→ **The task**: Entries below include pictures. Output exactly the lines from the one with "在MOVA展区,MOVA展示" down to the one with "where the index", both ends included, and leave the pictures out.

→ **Data under study**:
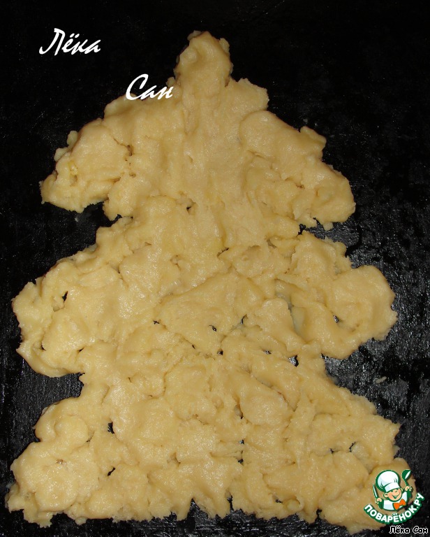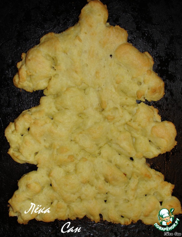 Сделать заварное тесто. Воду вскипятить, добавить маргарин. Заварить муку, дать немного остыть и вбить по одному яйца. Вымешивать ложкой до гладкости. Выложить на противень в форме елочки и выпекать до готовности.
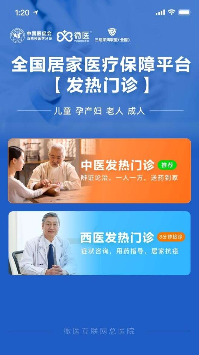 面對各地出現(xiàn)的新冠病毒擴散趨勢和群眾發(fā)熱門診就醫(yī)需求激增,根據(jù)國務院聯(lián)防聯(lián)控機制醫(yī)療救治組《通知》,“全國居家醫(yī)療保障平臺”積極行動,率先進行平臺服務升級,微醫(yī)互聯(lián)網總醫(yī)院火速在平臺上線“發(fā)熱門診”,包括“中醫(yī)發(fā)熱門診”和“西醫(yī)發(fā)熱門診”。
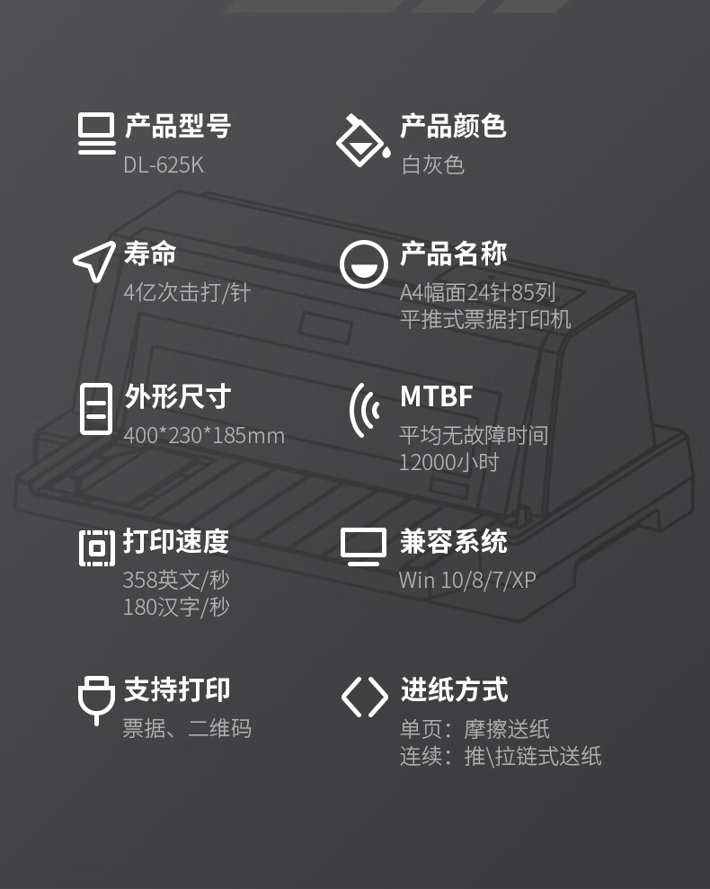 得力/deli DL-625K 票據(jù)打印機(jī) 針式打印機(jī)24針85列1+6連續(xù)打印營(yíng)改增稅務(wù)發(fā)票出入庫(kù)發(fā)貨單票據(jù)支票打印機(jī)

==

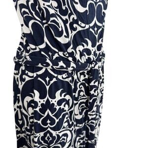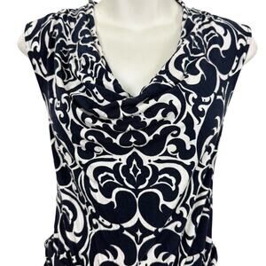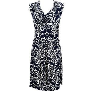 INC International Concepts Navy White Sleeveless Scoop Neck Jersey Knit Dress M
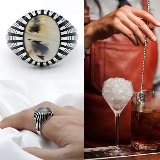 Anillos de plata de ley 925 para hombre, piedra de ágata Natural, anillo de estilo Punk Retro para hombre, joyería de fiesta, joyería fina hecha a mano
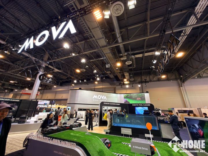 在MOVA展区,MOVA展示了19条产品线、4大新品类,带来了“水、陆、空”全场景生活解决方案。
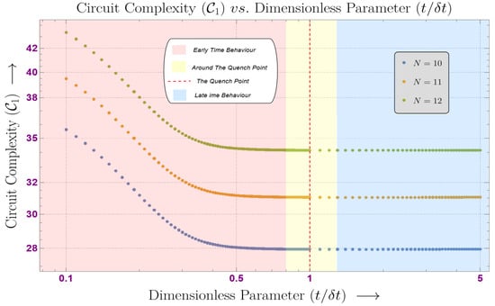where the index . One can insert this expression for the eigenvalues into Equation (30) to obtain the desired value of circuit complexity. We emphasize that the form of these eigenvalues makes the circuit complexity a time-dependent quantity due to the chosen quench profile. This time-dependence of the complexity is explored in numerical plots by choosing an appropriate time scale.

---

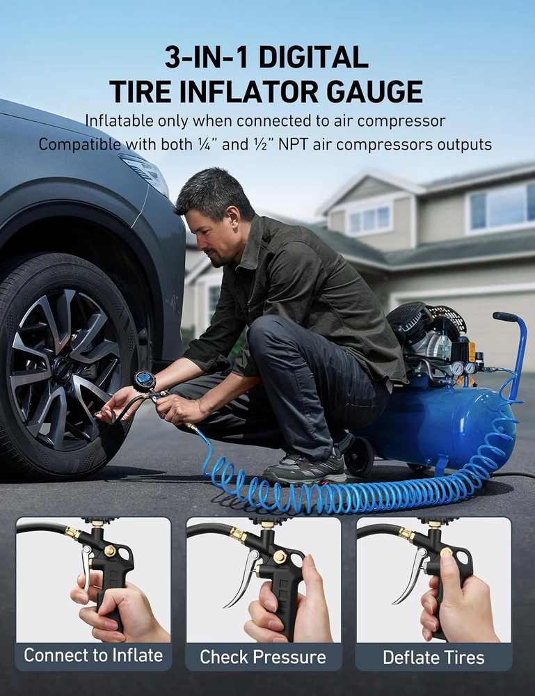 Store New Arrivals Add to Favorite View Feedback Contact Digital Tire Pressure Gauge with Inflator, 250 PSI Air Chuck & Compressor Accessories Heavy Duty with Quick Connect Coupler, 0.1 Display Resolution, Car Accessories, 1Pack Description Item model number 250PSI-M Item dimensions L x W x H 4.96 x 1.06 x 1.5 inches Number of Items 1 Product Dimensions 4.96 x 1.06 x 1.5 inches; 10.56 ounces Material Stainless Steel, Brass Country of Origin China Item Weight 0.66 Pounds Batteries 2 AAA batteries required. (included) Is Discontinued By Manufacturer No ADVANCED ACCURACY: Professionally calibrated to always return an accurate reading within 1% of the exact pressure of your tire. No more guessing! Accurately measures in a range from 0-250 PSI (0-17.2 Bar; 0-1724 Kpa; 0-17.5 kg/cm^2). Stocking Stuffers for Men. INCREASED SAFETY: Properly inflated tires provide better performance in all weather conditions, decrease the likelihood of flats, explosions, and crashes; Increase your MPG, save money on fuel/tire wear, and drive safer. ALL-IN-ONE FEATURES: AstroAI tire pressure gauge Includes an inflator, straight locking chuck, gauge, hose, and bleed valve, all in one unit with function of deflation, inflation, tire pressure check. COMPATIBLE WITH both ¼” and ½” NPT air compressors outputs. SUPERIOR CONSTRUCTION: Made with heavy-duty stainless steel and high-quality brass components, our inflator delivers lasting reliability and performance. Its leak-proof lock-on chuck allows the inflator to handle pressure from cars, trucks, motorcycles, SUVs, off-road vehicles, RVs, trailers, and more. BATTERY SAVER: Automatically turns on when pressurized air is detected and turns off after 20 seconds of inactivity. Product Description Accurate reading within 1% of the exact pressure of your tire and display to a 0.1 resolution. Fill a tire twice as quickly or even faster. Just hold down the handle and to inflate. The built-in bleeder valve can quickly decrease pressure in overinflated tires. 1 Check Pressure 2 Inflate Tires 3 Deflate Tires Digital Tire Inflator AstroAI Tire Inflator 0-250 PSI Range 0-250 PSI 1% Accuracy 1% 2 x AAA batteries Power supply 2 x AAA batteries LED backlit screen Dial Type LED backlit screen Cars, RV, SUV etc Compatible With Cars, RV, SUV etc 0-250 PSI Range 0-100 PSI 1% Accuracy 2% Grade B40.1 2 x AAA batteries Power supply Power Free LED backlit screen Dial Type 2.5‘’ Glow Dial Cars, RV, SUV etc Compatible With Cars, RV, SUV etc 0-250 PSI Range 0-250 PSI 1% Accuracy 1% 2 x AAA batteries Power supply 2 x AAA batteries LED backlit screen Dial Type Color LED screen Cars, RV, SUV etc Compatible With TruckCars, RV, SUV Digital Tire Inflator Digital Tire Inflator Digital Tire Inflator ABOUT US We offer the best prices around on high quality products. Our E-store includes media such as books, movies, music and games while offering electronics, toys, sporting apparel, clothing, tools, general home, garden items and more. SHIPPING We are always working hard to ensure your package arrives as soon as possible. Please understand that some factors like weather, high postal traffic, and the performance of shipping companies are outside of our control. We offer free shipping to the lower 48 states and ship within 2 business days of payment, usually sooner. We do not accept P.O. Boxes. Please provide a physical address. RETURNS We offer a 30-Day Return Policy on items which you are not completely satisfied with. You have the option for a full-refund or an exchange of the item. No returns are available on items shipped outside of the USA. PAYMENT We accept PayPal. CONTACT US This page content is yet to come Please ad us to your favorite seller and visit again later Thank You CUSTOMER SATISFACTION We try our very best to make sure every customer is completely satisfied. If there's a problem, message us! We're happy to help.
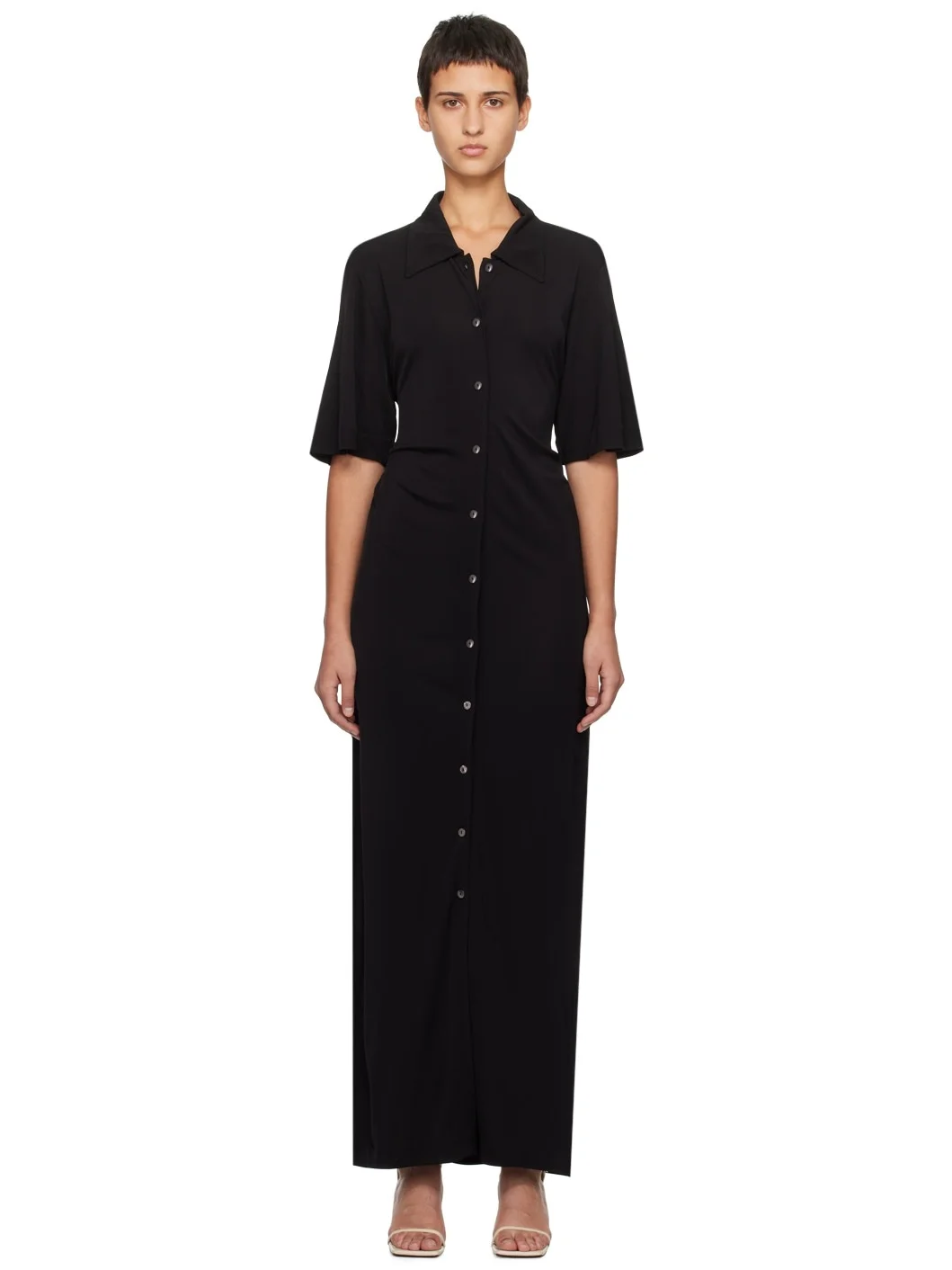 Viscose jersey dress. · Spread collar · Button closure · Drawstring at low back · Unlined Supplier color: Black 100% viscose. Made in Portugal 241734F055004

→ **Answer below**:
 在MOVA展区,MOVA展示了19条产品线、4大新品类,带来了“水、陆、空”全场景生活解决方案。
where the index . One can insert this expression for the eigenvalues into Equation (30) to obtain the desired value of circuit complexity. We emphasize that the form of these eigenvalues makes the circuit complexity a time-dependent quantity due to the chosen quench profile. This time-dependence of the complexity is explored in numerical plots by choosing an appropriate time scale.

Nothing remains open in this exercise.